Dengan hasil ini, Malagò resmi menggantikan Gabriele Gravina yang sebelumnya mundur dari jabatannya. Pergantian ini menandai babak baru di tubuh FIGC yang tengah berada dalam tekanan untuk berbenah.
Proses Pemilihan dan Peta Kekuatan Suara

Sistem pemilihan di FIGC tidak sederhana karena setiap sektor memiliki bobot suara yang berbeda. Serie A memegang 18 persen, sementara Serie B hanya 6 persen dari total suara.

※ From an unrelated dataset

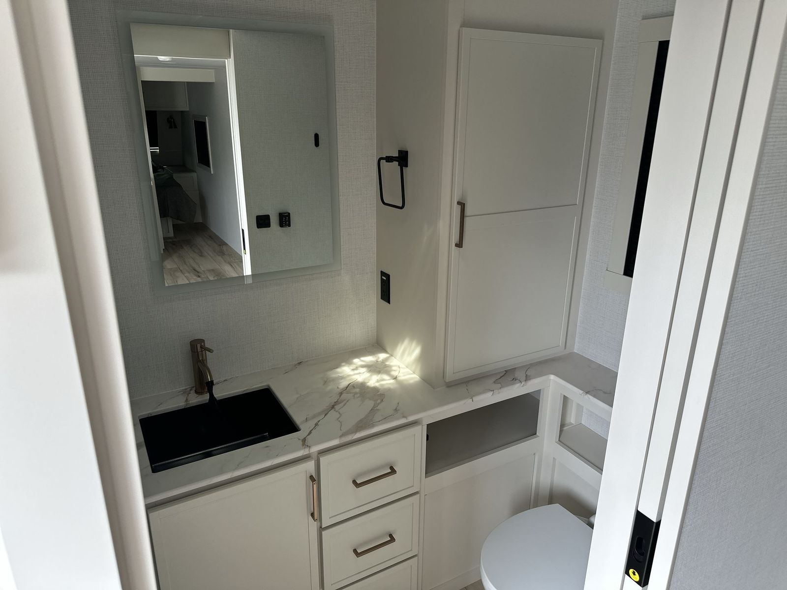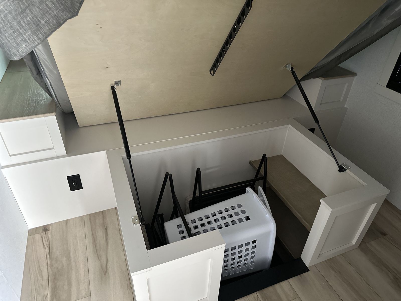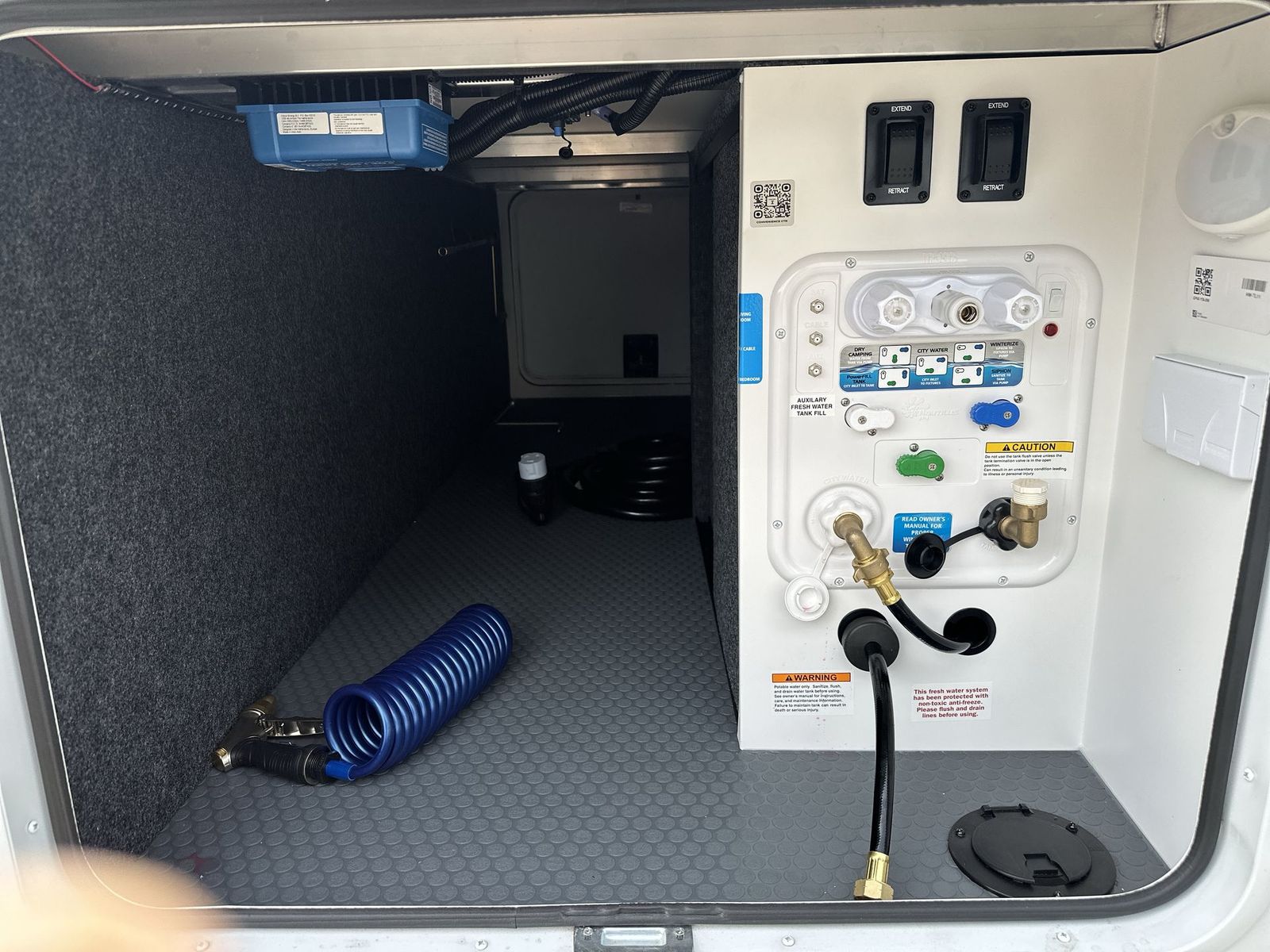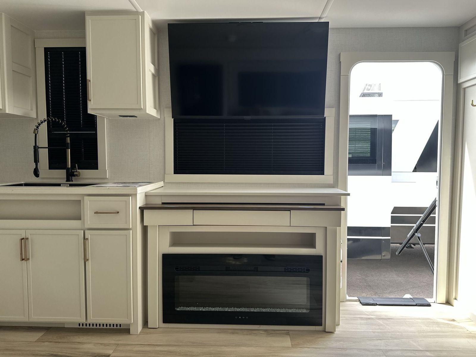 Brinkley Model I travel trailer 265 highlights: Theater Seating Slide Pull-Out Dining Table King Bed LED Chassis Lighting Drop-Frame Pass-Thru Storage One look at this travel trailer and you'll be sold! The full rear bath features a spacious 42" x 30" shower with a built-in seat and Maxxair fan to name a few comforts. The front private bedroom features a 66" x 80" king bed with a MaxSpace Split-Level Wardrobe underneath to store shoes, clothes, and more! A slide out in the combined living area and kitchen makes your space more open, and you'll enjoy relaxing on the theater seating here in the evenings. The full kitchen includes a three burner stovetop, residential 30" convection microwave, 12 cu. ft. 12V refrigerator, plus a trash bin and Stow N' Go paper towel holder for added convenience. You can choose to eat outdoors under the 18' electric awning with LED lights or stay inside to dine at the pull-out dining table with a drawer for added storage! And if you're needing more sleeping space, just choose the optional tri-fold sofa in place of the theater seating! The lightweight Model I travel trailer by Brinkley is the perfect choice for those looking for an easy tow and at-home comforts! There is a drop-frame chassis, high-performance Road Armor suspension equalizer system, and Demco EZ Latch trailer coupler that automatically latches when dropped onto a hitch ball without the need of a safety pin. Additional exterior features include square Euro frameless windows, automotive-grade paint, full-width LED strip lighting in the pass-thru, and a pet & property security campside tie-down to keep your gear and furry friends safe. Inside, you'll be wowed by Brinkley's CraftSense wood trim construction, residential solid surface kitchen countertops, dimmable bedroom lights, and marine-grade neon LED shower lighting to name a few stand-out features!

Lega Pro atau Serie C menyumbang 12 persen, sedangkan Liga Amatir (LND) menjadi blok terbesar dengan 34 persen. Di sisi lain, Asosiasi Pemain memiliki 20 persen dan Asosiasi Pelatih 10 persen.
Pada awalnya, Giancarlo Abete punya modal kuat karena dukungan dari LND yang cukup besar. Namun dinamika suara di sektor lain justru lebih banyak mengarah ke Malagò.

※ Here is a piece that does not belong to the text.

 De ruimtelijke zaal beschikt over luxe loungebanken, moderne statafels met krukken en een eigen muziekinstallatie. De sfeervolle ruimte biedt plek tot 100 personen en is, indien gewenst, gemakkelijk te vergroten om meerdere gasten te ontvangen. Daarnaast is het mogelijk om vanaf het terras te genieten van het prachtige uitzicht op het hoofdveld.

Hasil akhir menunjukkan bahwa koalisi di luar LND menjadi faktor penentu. Perpaduan dukungan itu membuat kemenangan Malagò terkunci sejak putaran pertama.
Terpilihnya Malagò datang di tengah sorotan besar terhadap arah sepak bola Italia. Kegagalan lolos ke Piala Dunia untuk ketiga kalinya menjadi latar kuat desakan perubahan di tubuh FIGC.

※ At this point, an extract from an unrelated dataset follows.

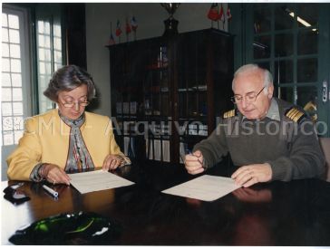 Os retratados, Maria de Lurdes Calvão Borges, diretora dos Serviços Médicos da Santa Casa da Misericórdia de Lisboa e um coronel do Exército, representante da Escola do Serviço de Saúde Militar, encontram-se a ler o documento, sentados, junto a uma mesa de trabalho.

Sebelumnya, Gabriele Gravina mengundurkan diri setelah kegagalan di fase play-off. Situasi itu membuka jalan bagi percepatan pemilihan untuk mencari pemimpin baru federasi.
Malagò sendiri dikenal memiliki rekam jejak panjang di dunia olahraga Italia, termasuk saat memimpin CONI dan mengawal persiapan Olimpiade Milano-Cortina 2026. Pengalaman itu menjadi salah satu alasan utama di balik terpilihnya dia.
Namun tantangan awalnya langsung berat, terutama terkait penunjukan pelatih baru tim nasional Italia. Keputusan ini dianggap penting untuk membangun ulang fondasi Azzurri.
Tantangan Timnas dan Arah Baru FIGC
Dalam pernyataan awalnya, Malagò menegaskan bahwa ia belum melakukan komunikasi apa pun terkait kandidat pelatih timnas. Ia menambahkan bahwa semua pembahasan akan dimulai setelah ia resmi bekerja.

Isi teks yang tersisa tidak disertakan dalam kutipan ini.